Вы угадали: Тедди — сын Сюзан от первого мужа, Тедди Бингэма. Тедди-младший уже сам отец семейства, упомянутый в газете „Боски“— его трехлетний сынишка. Вы, очевидно, видели Тедди примерно в таком же возрасте. Он с семьей сейчас в Вашингтоне, но я написала Сюзан, что получила от Вас столь любезную весточку, где Вы так подробно сообщаете о Мине. Сюзан непременно перескажет все в следующем письме Тедди. Она, вернувшись на родину, года через два вышла замуж в третий раз. Живут они с мужем в Шотландии. Он врач. У Сюзан и здоровье и настроение переменились к лучшему. По-моему, она счастлива. Тедди пошел по стопам отчима и тоже занялся медициной. Уверена, он вспомнит свою маленькую няню — Мину: у него великолепная память, и порой он меня просто поражает, когда подробно описывает свое раннее детство в Индии. Может, правда, ему помогают семейные фотографии. На одной и Вы с полковником Смолли в саду у резиденции коменданта, это 1947 год, наш прощальный банкет. Наверное, и у Вас есть такая же. Надеюсь, Вы отыщете там и меня, а высокий блондин в штатском слева — мой муж Гай. Он историк, возглавляет кафедру новейшей истории в одном из новых университетов. Сейчас у него творческий отпуск, и мы живем в родительском доме. Наш же дом находится в Фолминстере, мы его прошлой осенью сдали приезжему американскому профессору с семьей, а сами переехали сюда. Гаю тут удобнее работать над книгой, а мне было сподручнее за отцом ухаживать; после маминой смерти ему стало очень одиноко. Ланс и Джейн, как Вы догадались, — наши дети, уже совсем взрослые, учатся в университетах. Может, мы так и останемся жить здесь, если Гай получит место в Лондоне, похоже, судьба так и распорядится. Хотя заранее предрекать ничего не могу. Ученые, словно военные, всю жизнь кочуют с места на место, как мы в Индии.

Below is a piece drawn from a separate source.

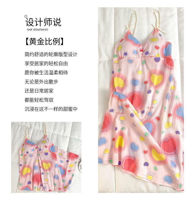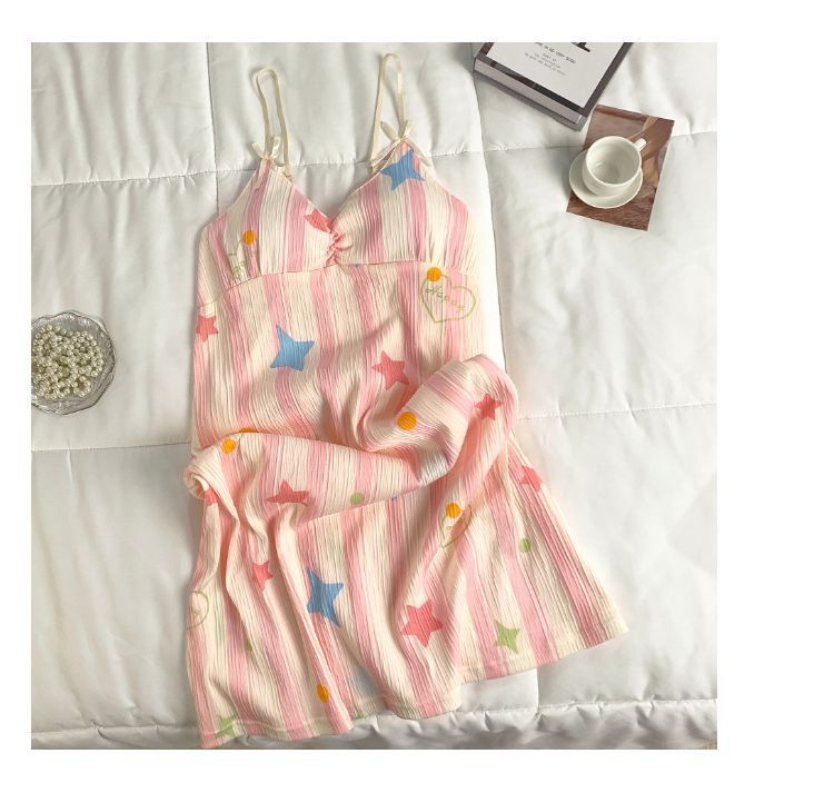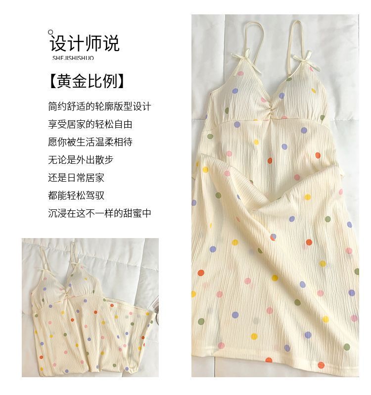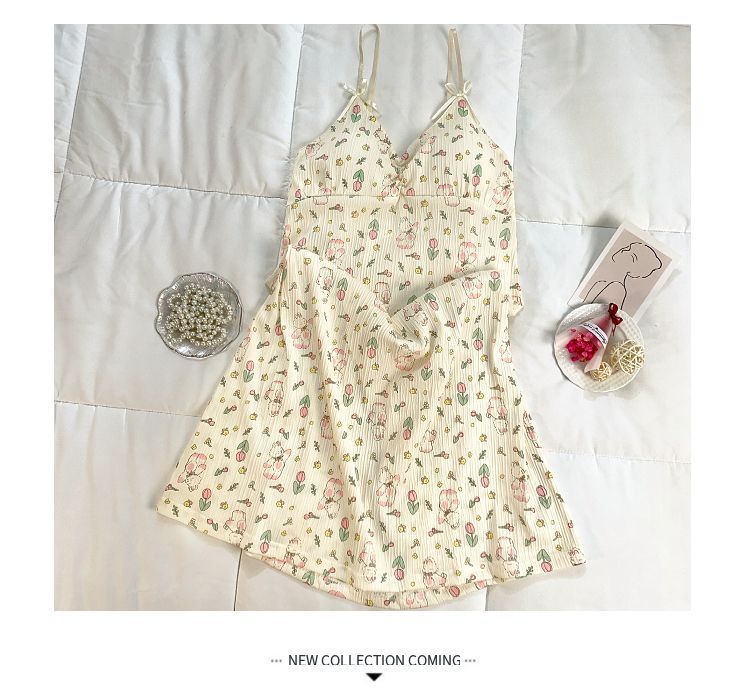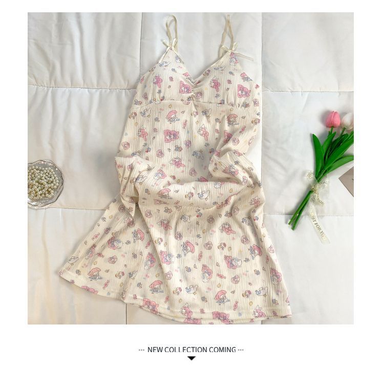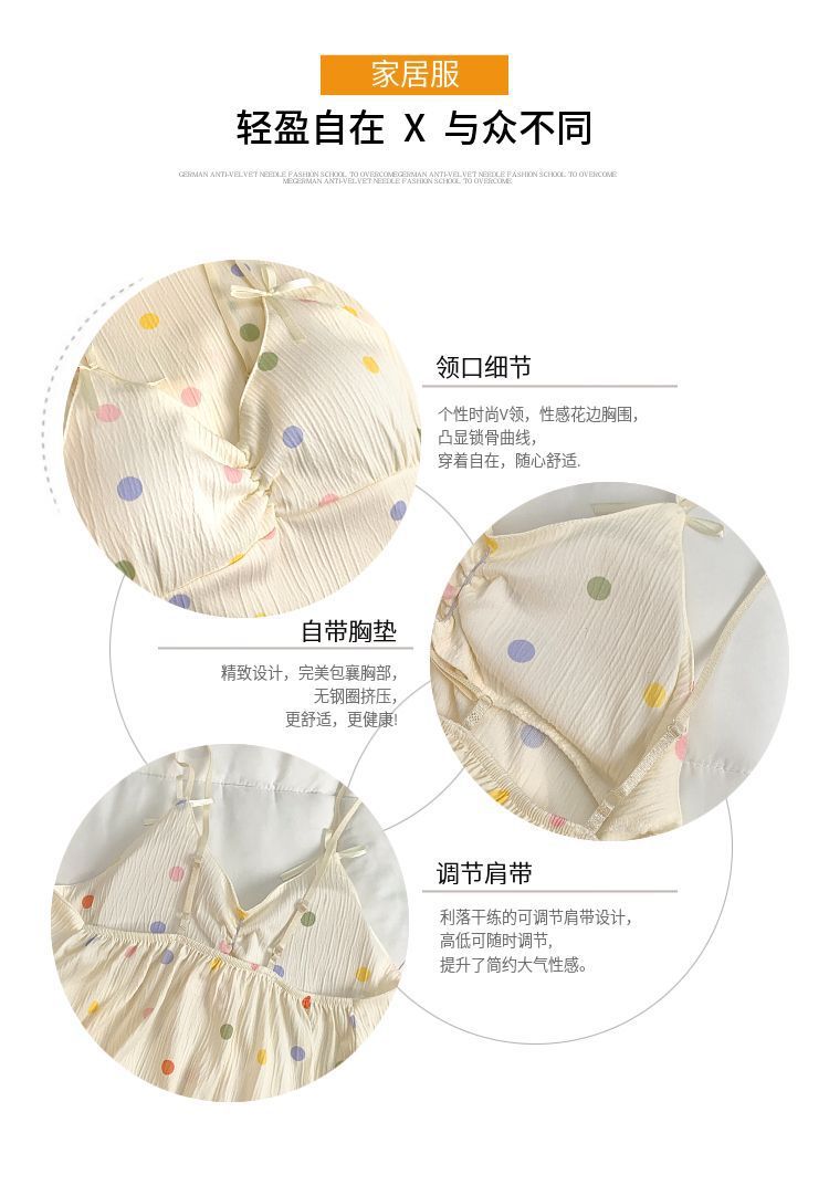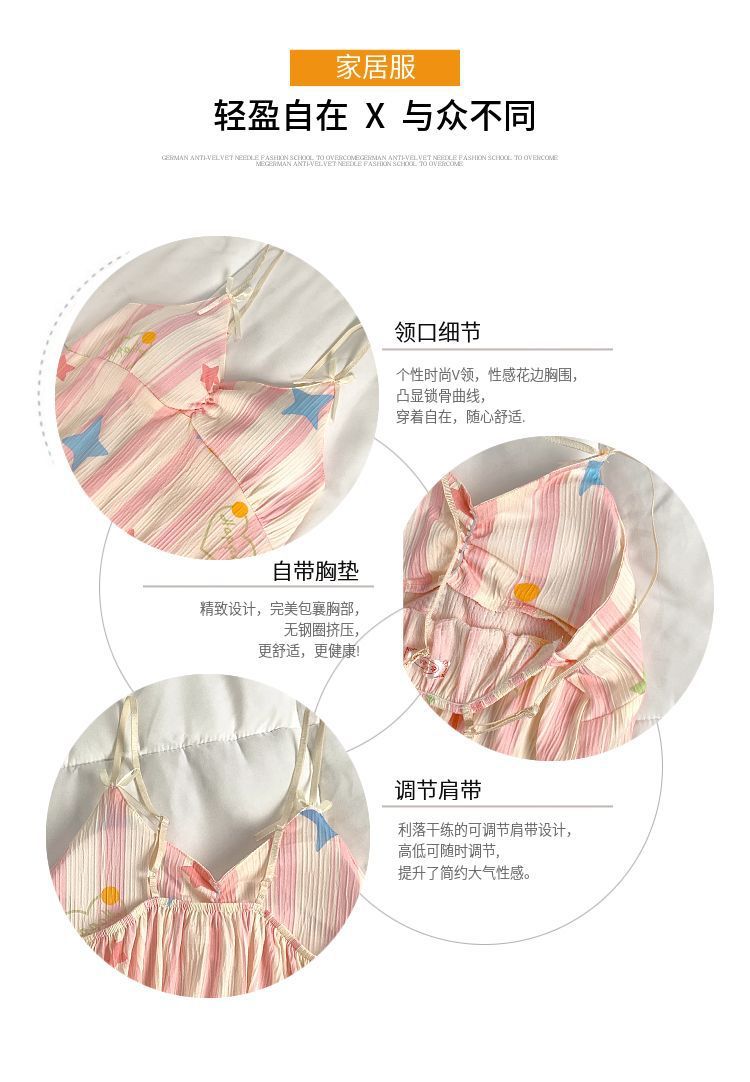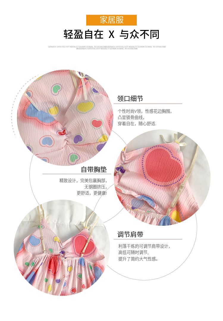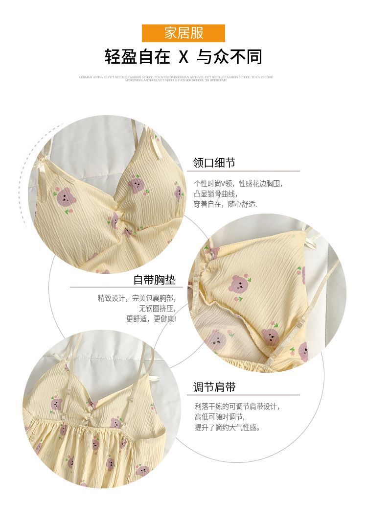 Pijama de verano giratorio desmontable con cojín de pecho dulce lindo vestido de algodón arrugado ropa para el hogar

Вы, очевидно, совсем не помните Гая, виделись Вы только на том банкете в комендантской резиденции. Мина, возможно, и вспомнит его: молодой английский офицер, появился в Мирате после смерти второго мужа Сюзан, полковника Меррика. Он ехал с нами на поезде в Ранпур, помните тот жуткий случай: поезд остановили бандиты. Многих поубивали. Гай должен был ехать в Дели и оттуда лететь в Англию, но решил завернуть в Ранпур проведать нас, так он и очутился на прощальном банкете. Ему случалось бывать в Панкоте и раньше, в 1945 году, правда недолго, и, конечно же, ему очень интересно, каков Панкот ныне.

Искренне надеюсь, что полковник Смолли уже поправляется. Меня очень огорчила его болезнь. Я по сей день храню сандаловую шкатулку, он подарил ее мне, когда я уходила из женской вспомогательной службы. (Вы с ним всегда были для меня просто Слоник и Люси, можно ли мне называть Вас так сейчас, через столько лет?)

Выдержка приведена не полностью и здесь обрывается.